With perhaps over $30 billion from such initiatives-  that is, were they all implemented to the fullest extent – a surplus may even have been achieved for the coming year.  Though that would be a political objective; as in reality the precariousness of the world economy demands a more fiscally expansionist stance.   Gonski could have been implemented in full.  And comprehensive Aged Care insurance could have been rolled out on similar principles to Disability Care Australia.  Finally, resources could have been provided for the States – maintaining health funding; maintaining equity in provision of health services; providing further resources for public transport and other infrastructure without regressive user pays mechanisms or even privatisation of roads…

Policies of ‘small government’ will only lead to more Public Private Partnerships, and perhaps outright infrastructure privatisation for which consumers will pay the price. 

Instead, Labor should go to the election heralding further action on the social insurance front.  And while following through with its education and disability reforms, Labor must promise a multi-billion dollar annual investment (new money) for Aged Care services.

Indeed it is not too late for Labor to further re-emphasise social insurance as a central theme for the election.  If Abbott could be pressed to accept disability social insurance, the right kind of articulatory strategies by Labor could drive him to accept Aged Care insurance as well.  If Labor loses the election – but manages to dictate the policy agenda in such a manner – then even in electoral defeat it would comprise a kind of victory.

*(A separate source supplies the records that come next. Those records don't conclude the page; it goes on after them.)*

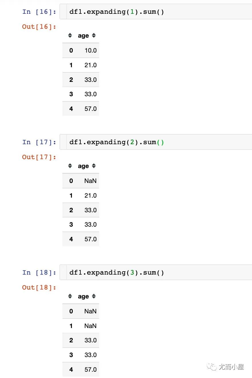 我们发现:当窗口数大于前面的记录数,则累计和用NaN表示
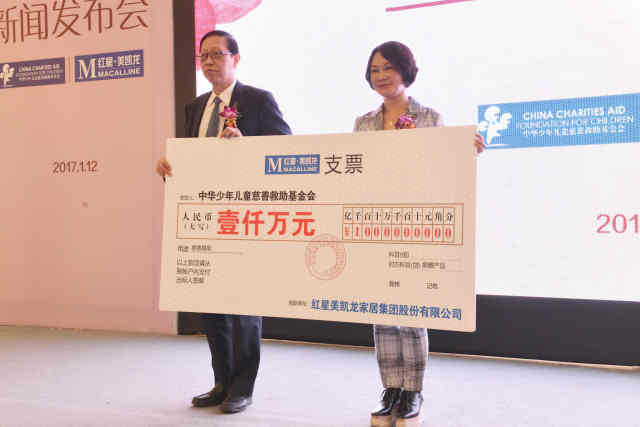 2017年1月12日,红星美凯龙携手中华少年儿童慈善救助基金会(以下简称:中华儿慈会)开展的捐赠公益活动新闻发布会在北京红星美凯龙东四环店顺利举行。捐赠仪式上,红星美凯龙宣布向中华儿慈会捐赠近1000万元家居,共同助力中国困境儿童成长。
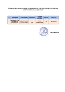 Publicación de Cuadro de Resultados de Evaluación de Expedientes Asistente de Taller 2026
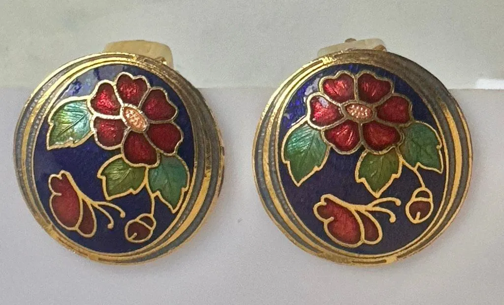 Gorgeous vintage cloisonné earrings featuring a deep cobalt blue enamel background with red and gree... Show more
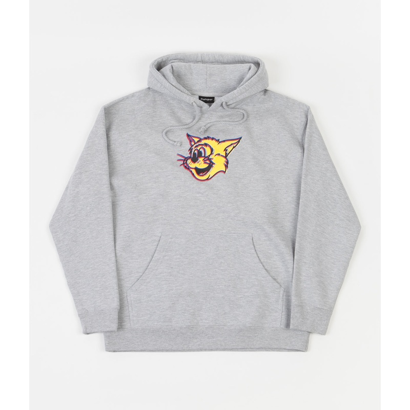 Cat Hoodie in Grey Heather. A heavyweight hoodie crafted from a blend of 70% premium-grade cotton and 30% polyester, this long-sleeve hoodie arrives as part of our own release for SP21. Tailored to a regular fitting to improve everyday comfort, this cuff-sleeved layer features a thick-rib elasticated hemline and a double-fleece lined hood above its drawcord-secured shoestring neckline. A spacious dual-entry kangaroo pocket can be found above the waist, whilst the printed yellow-cat character across the centre of the chest features neon-trimmed psychedelic overlays for added depth and contemporary appeal.
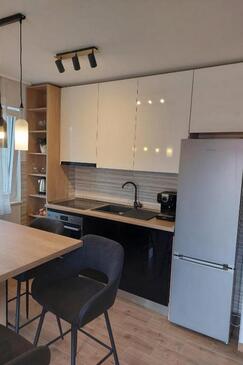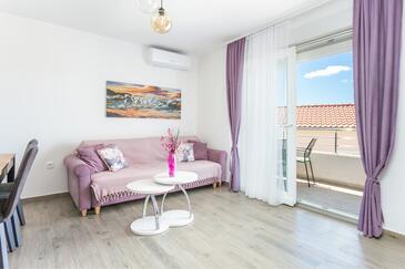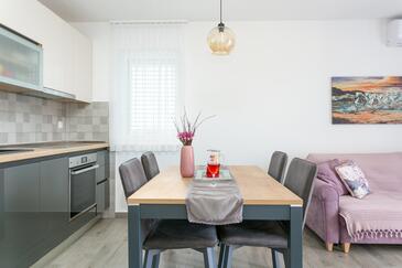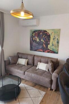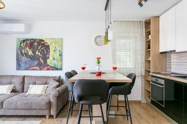 Az Apartman 4 főt tud fogadni. Az ágyak a/az 1 hálószobában, és a nappaliban/ben vannak, melynek méretei 36m2. A forró nyári estéket a vendégek saját balkonukon élvezhetik. Az apartmanból tengerre néző kilátás nyílik. A közös barbecue-helyet a vendég szabadon használhatja. A lefoglalt szállásegység közös teraszt használ..
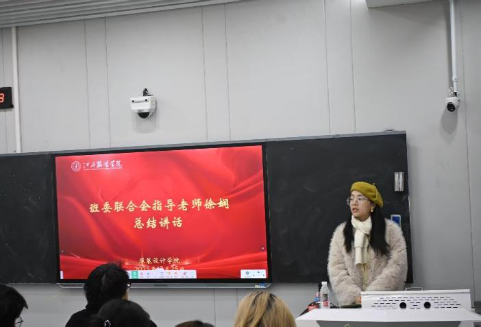 在听取完述职报告后,班委联合会指导老师徐娴作总结讲话。徐老师首先对全体学生干部在本学期的辛勤工作表示肯定,并对大家取得的优异成绩表示祝贺。她指出,学生干部是连接学院与学生的桥梁和纽带,希望大家能够继续发挥模范带头作用,不断提升自身综合素质和服务能力。同时,徐老师也对下一阶段的工作提出了具体要求,希望全体学生干部能够继续秉持“服务同学、锻炼自我”的宗旨,为学院的发展贡献青春力量。
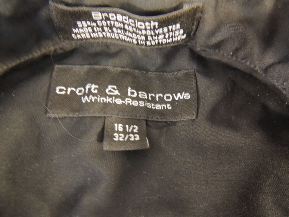 Croft and Barrow Wrinkle-Resistant Dress Shirt Men's 16.5 32/33 Broadcloth Size: 16.5 32/33 Color: Black Condition: Used Defects: none Thank You for looking at my Store. I am a United States Army Veteran and our Store is Veteran Owned and we count on an honest transaction. We have a no hassle return Policy. It?s really simple if you don?t like it please return the item and I will issue you a refund. I have quickly learned that Customer Satisfaction is the number one Priority. My Store is open for Business and I invite everyone to take a quick look at what I have...Just click here and see all that I have http://stores.ebay.com/allamericanauctions2015 . We now ship every day to include SATURDAY AND SUNDAY? which means our carrier service now picks up 7 Days a week. If you BUY TODAY? your ITEM will get out no later than 72 hours after your purchase. It will have the best head start as it will be processed at the Denver Hub within 72 Hours of your purchase. Even if you buy at night your Item will be processed the next two mornings and will be at the Denver Hub WITHIN 72 HOURS. We have Incredible FAST SHIPPING and again WE NOW SHIP ON SATURDAY AND SUNDAY. If you have any questions please MESSAGE ME... If you have any CONCERNS please MESSAGE ME. If you have any ISSUES with your Item please let me fix it. I count on your Business and in return I will give you an Honest Auction. I look forward to doing Business with you. View more great items
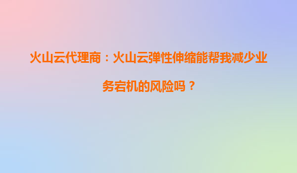 2025-10-02火山云代理商:火山云弹性伸缩能帮我减少业务宕机的风险吗? 一、业务宕机风险与弹性伸缩的关系 在数字化时代,业务连续性是企业运营的核心需求之一。宕机不仅会导致直接的经济损失,还...
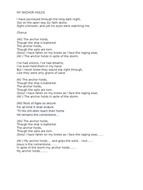 The chorus is often the heart of a song, guys. It’s the part that usually gets stuck in your head, and it typically encapsulates the main theme or emotion. When we examine the Pseoskerse Anchor lyrics , the chorus is where we’re likely to find the most direct statement about the anchor. Is it a plea for an anchor, a declaration of being anchored, or a lament about being anchored? The repetition in the chorus emphasizes its importance. We’ll be looking for keywords and phrases here that resonate most strongly. Sometimes, the chorus provides the answer to questions raised in the verses, or it might pose a new question altogether. The Pseoskerse Anchor lyrics in the chorus might be simple yet profound, or complex and layered. We need to consider the emotional weight of the chorus. Is it triumphant? Melancholy? Defiant? The melodic delivery also plays a huge role here, so even if you’re just reading the lyrics, try to imagine how they might sound. The chorus is the anchor of the song itself, holding all the lyrical elements together.

The suffering of our aged citizens – especially those in high dependency care – is an obscenity to the extent it could be ameliorated – but is not – because of ‘other priorities’.   I have argued for such action in previous articles here – and for any who have not read this material yet I urge them to read the following:


Again: There is relief that (in Julia Gillard’s words) Labor “has not cut to the bone”.  But the Budget is not all that is could have been, nor what it should have been.   Failing to extensively reform superannuation concessions was the key capitulation in the face of vested interests..  Hopefully, though, Labor will press the themes of tax reform , social insurance and social wage expansion further in the following months, and seek a mandate for progressive change.